Origins of the Project
At the end of 2019, the Center for Coastal and Ocean Mapping at the University of New Hampshire was asked to recommend a data logger that could be used to support the collection of volunteer bathymetric information (VBI) from ships of opportunity in remote and/or under-served parts of the world as part of the Seabed 2030 initiative. After surveying the market, we came to the conclusion that while there were some loggers that we could recommend, none of them were ideal. Either they didn't treat the data correctly, or they didn't come with any data infrastructure, or both. And they were all expensive enough that you couldn't effectively scale them to the hundreds or thousands of loggers required to really make a difference.
There had to be, we concluded, a better answer.
So we posed the question: what would the minimal cost, full-stack solution for volunteer bathymetry collection and processing look like? Minimal cost so that you could field large groups of loggers in a single place; and full-stack so that there would always be a route for data to be contributed to an archive for further processing, aggregation, and use. Ideally, we would also want the system to be clonable, in the sense that anyone who wanted to collect their own data (e.g., a marina, a yacht club, or a coastal management group) would be able to build (or obtain) their own loggers, collect and manage their own data, and still ensure that it went to the international archive in the right format. Critically, however: they need to be able to do this in a "frictionless" manner—the more we ask collectors to do, the less likely it is that we'll continue to get data over the long term.

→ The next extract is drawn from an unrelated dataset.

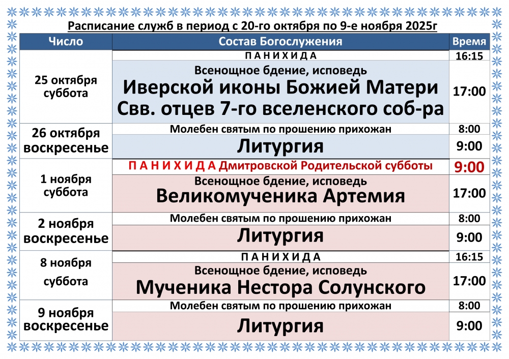 Расписание служб в период с 20-го октября по 9-е ноября 2025г
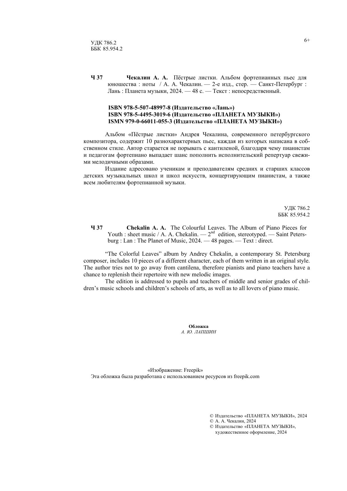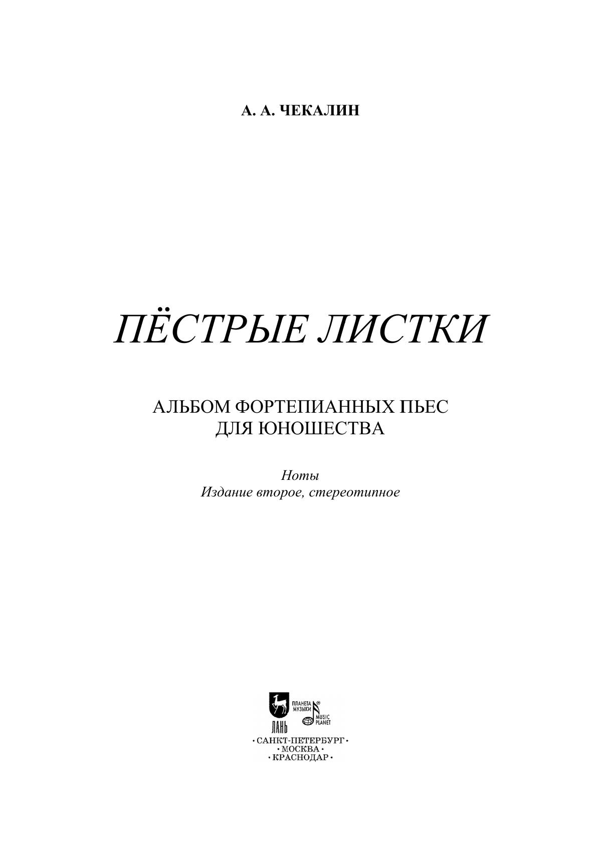 Альбом «Пёстрые листки» Андрея Чекалина, современного петербургского композитора, содержит 10 разнохарактерных пьес, каждая из которых написана в собственном стиле. Автор старается не порывать с кантиленой, благодаря чему пианистам и педагогам фортепиано выпадает шанс пополнить исполнительский репертуар свежими мелодичными образами. Издание адресовано ученикам и преподавателям средних и старших классов детских музыкальных школ и школ искусств, концертирующим пианистам, а также всем любителям фортепианной музыки.

The WIBL project aims to fill this need. By providing open source hardware and software, and designing the hardware segment to be as inexpensive to build as possible (order $10 [2023] per board in volume, although connectors and boxes can double this), the project lowers the barrier to participation, and enables scalable deployment of collection events without a central organization that could act as a bottleneck to expansion. Each collection event is formally indepent of the others, but still generates data in archive-ready format so that the data can be aggregated. This provides the opportunity to change the core question from "why should I?" to "why not?"